09 September 2019 6 2K Report

I'm looking to run a Western Blot to identify expression of collagen type I from whole cell lysates of Saos-2 osteoblast cell lines.

I've listed reagents at the bottom of the post.

Experimental conditions are as follows:

Seed cells in 6 well plate, once confluent mineralize for 0, 3, 6, 9 and 12 days.

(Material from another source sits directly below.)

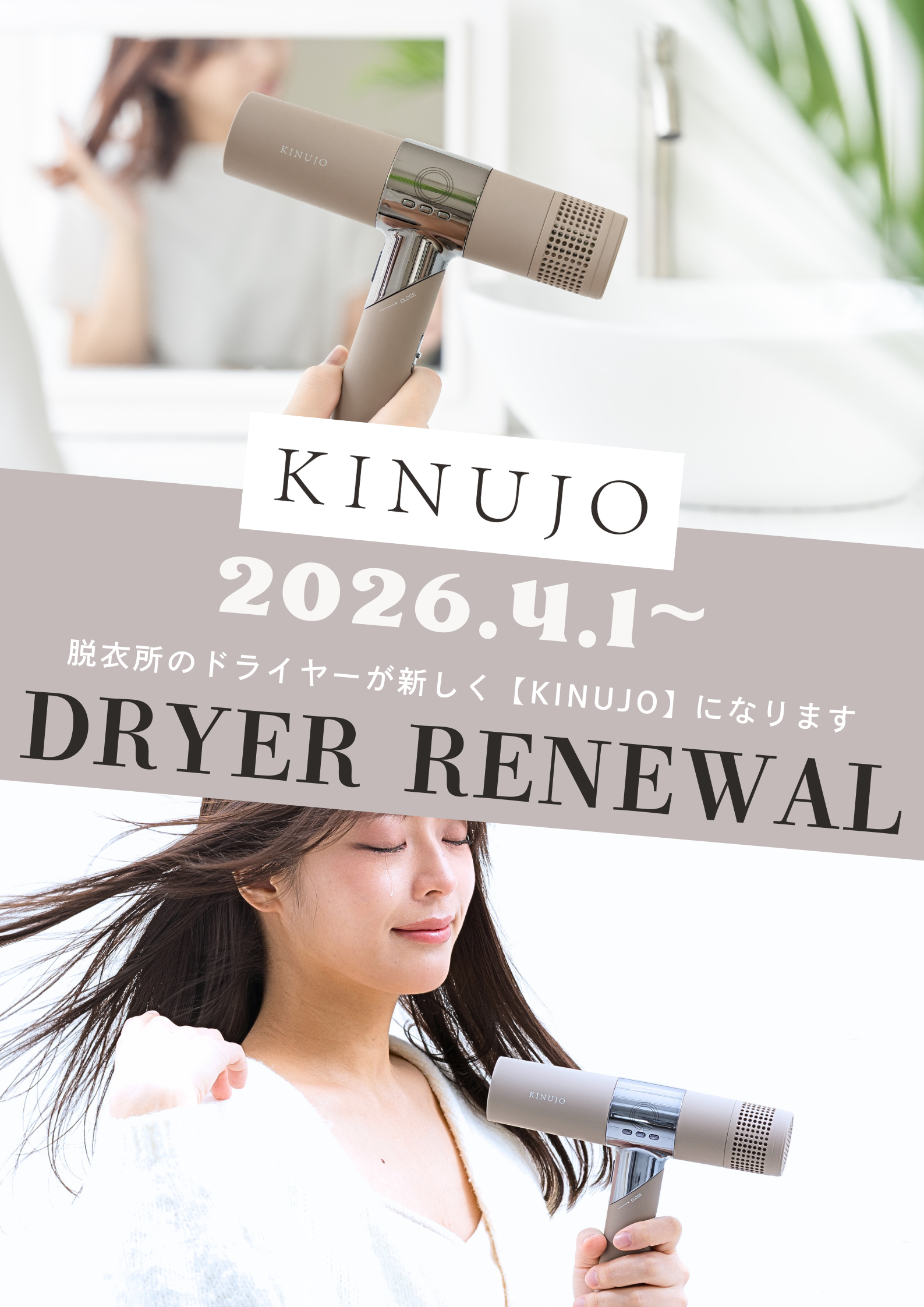 2026.4.1 KINUJOドライヤー導入! カテゴリ/ほっとニュース 4月1日より 男女脱衣所ドライヤーが 【KINUJO】にリニューアル! 髪にやさしく、しっとりまとまる仕上がりに! お風呂上がりの時間がさらに快適に! ≪ 学生限定のサブスクサービス

Scrape well contents and pellet.

Lyse pellet with RIPA buffer.

Quantify protein using Biorad DC assay.

1. Mix LSB with protein sample so that LSB is 1X and there is 28ug of protein to load

2. Load samples into gel and run gel at 80V for 10mins to allow protein to pass through stacker

3. Once on resolving gel run at 120V until dye front is right at bottom of gel/runs off of gel

4. Set up apparatus for transferring on to nitrocellulose membrane

5. Pre-soak membrane, sponges and filter paper for 5-10mins in transfer buffer

6. Make up “sandwich” with paper, gel, membrane and foam sponges use falcon tube or 5ml pipette to roll out any air bubbles

7. Run at 200V, 400mA for 1hr 30mins, with ice block in tank with a magnetic stirrer

8. Ponceau stain to check transfer – wash off with H20

9. Wash blot with PBS-T 0.1% for 5 mins (x2)

10. Block for 30mins with 10% Milk powder in PBS-T 0.1%

11. Make up primary Ab in 5% Milk powder in PBS-T 0.1% (1:1000 for Col 1 abcam Ab) – leave overnight in fridge

12. Wash Primary off with PBS-T 0.1% for 15mins

13. Add secondary Ab in 5% milk powder in PBS-T 0.1% (1:4000 for Licor Anti rabbit 800CW) – leave for 50mins-1hr

14. Wash for 15 mins (x2) in PBS-T 0.1%

15. Read on Licor

I'm often seeing a band at 250kDa which is about double the expected band of 130kDa which I suspect may be a dimer.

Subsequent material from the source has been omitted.